Breast Cancer Expert: Women Don’t Have to Have Abortion When Diagnosed
by Steven Ertelt
February 10, 2009
Washington, DC (LifeNews.com) — A leading expert on breast cancer says the results of a recent study showing women who are diagnosed with cancer don’t have to choose between an abortion or treatment doesn’t surprise him. Dr. Joel Brind, a Baruch College professor says studies have shown that for decades.
On Monday, LifeNews.com reported on a new study showing doctors don’t need to suggest an abortion to pregnant women who want cancer treatment.
The study involves a concept called pregnancy associated breast cancer — breast cancer that is diagnosed when a woman is pregnant or within a year after delivery.
The mainstream media highlighted the study as if it showed a new concept, somehow finally dismissing the notion that pregnant women undergoing breast cancer treatment should have an abortion.
Professor Brind tells LifeNews.com that the notion has been a myth for decades and the study merely confirms what he and other experts already knew.
"Actually, this finding has been reported many times in the last 15 years," Brind explained.
"Unfortunately, many doctors still recommend abortion for women diagnosed with breast cancer while pregnant, so that they can treat the cancer more aggressively. This is despite worldwide research going back as far as the 1930s that shows that so-called ‘therapeutic abortion’ substantially shortens lifespan, whereas carrying the pregnancy to term makes long-term cure more likely," he said.
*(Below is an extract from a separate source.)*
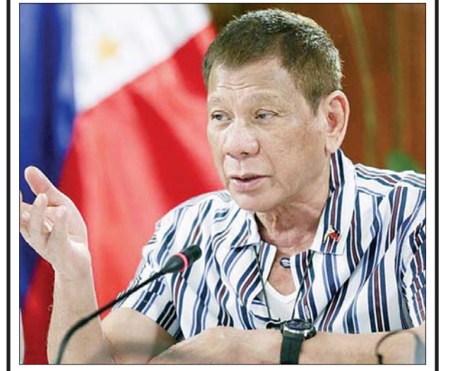
ဖိလစ်ပိုင်သမ္မတ ရိုဒရီဂိုဒူတာတေး

မနီလာ ဇူလိုင် ၄ ဖိလစ်ပိုင်နိုင်ငံသည် အကြမ်းဖက် ဆန့်ကျင်တိုက်ဖျက်ရေး ဥပဒေကို ပြဋ္ဌာန်းလိုက်ကြောင်းနှင့် ၎င်းက လုံခြုံရေးဆိုင်ရာ အာဏာပိုင်များကို အမြင့်ဆုံး လုပ်ပိုင်ခွင့်ပေးလိုက်ခြင်းဖြစ်ကြောင်း နိုင်ငံတကာသတင်း တစ်ရပ်တွင် ဖော်ပြသည်။ ဖိလစ်ပိုင်သမ္မတ ရိုဒရီဂို ဒူတာတေးသည် ဇူလိုင် ၃ ရက်က အကြမ်းဖက်ဆန့်ကျင်တိုက်ဖျက်ရေး ဥပဒေကို လက်မှတ်ရေးထိုးခဲ့သည်။ အဆိုပါဥပဒေက ရဲများနှင့် စစ်ဘက်ဆိုင်ရာများကို အမိန့်စာ မပါဘဲ သံသယရှိသူများကို ၂၄ ရက်အထိ ဖမ်းဆီးထိန်းသိမ်းနိုင်မည်ဖြစ်ကြောင်း သိရသည်။ ထို့အပြင် အဆိုပါဥပဒေသည် သက်ဆိုင်ရာအာဏာပိုင်များက ပြစ်မှု ကျူးလွန်သူများကို ဖမ်းဆီးထိန်းသိမ်းနိုင်ရုံမက မကောင်းမှုကျူးလွန်ရာ တွင် အားပေးကူညီသူများ၊ အကြမ်းဖက်အဖွဲ့အစည်းများအတွက် လူစုဆောင်းသူများကိုပါ ဖမ်းဆီးခွင့်ရှိကြောင်း သိရသည်။ ၂၀၁၇ ခုနှစ်က ဖိလစ်ပိုင်စစ်တပ်က တောင်ပိုင်းကျွန်း မင်ဒါနာအိုတွင် အစွလာမ္မစ် စစ်သွေးကြွများနှင့် ရက်စက်ပြင်းထန်သော တိုက်ပွဲများ ဖြစ်ခဲ့ရာ ပြည်သူ ၁၀၀၀ ထက်မနည်း သေဆုံးခဲ့ရသည်။ ထို့အပြင် ဖိလစ်ပိုင်နိုင်ငံတွင် ဗုံးထောင်ခြင်းနှင့် အခြားအကြမ်းဖက် တိုက်ခိုက်မှုများလည်း ဖြစ်ပွားလာခဲ့သည်။ ဖိလစ်ပိုင်အစိုးရက ယခု ထုတ်ပြန်လိုက်သော ဥပဒေသည် အကြမ်းဖက်ခြိမ်းခြောက်မှု မှန်သမျှကို တားဆီးနိုင်မည်ဖြစ်ကြောင်း ပြောကြားထားသည်။ အင်နိုအိတ်ချီကေ

Brind says that a 1976 review of all studies published to that point, conducted by French doctor P. Juret, reported that, The futility of therapeutic abortion is now certain.
Although the study isn’t the revelation the mainstream media claimed, Brind says it is quite useful.
"What the new story out of MD Anderson shows is that women in this particular situation — which are only about 3% of all breast cancers — have no worse a prognosis than women with the same stage of breast cancer who are not pregnant," he said.
"But what is most important about the current report is the absence of any data about abortion, i.e., a difference in prognosis as a function of whether or not the pregnant patient aborts the baby," he explained. "To their credit, doctors at MD Anderson have, for at least the last several years, been very good at treating both patients: Mom and her unborn child."
"Hopefully, the current report will be yet another nail in the coffin of ‘therapeutic abortion,’" he told LifeNews.com.
Finally, Brind took issue with the headline the Associated Press used for its story: Study: Pregnancy does not boost risk of breast cancer."
"This AP headline is misleading, because it suggests that pregnancy has nothing to do with the risk of getting breast cancer," he explained.
"Of course, pregnancy is the most significant exposure in determining breast cancer risk: Women who have their first child when they are young, have several children and breast feed them all; women who have no children, or wait until they are over 30, have fewer children and do not breastfeed, have the highest risk," Professor Brind said.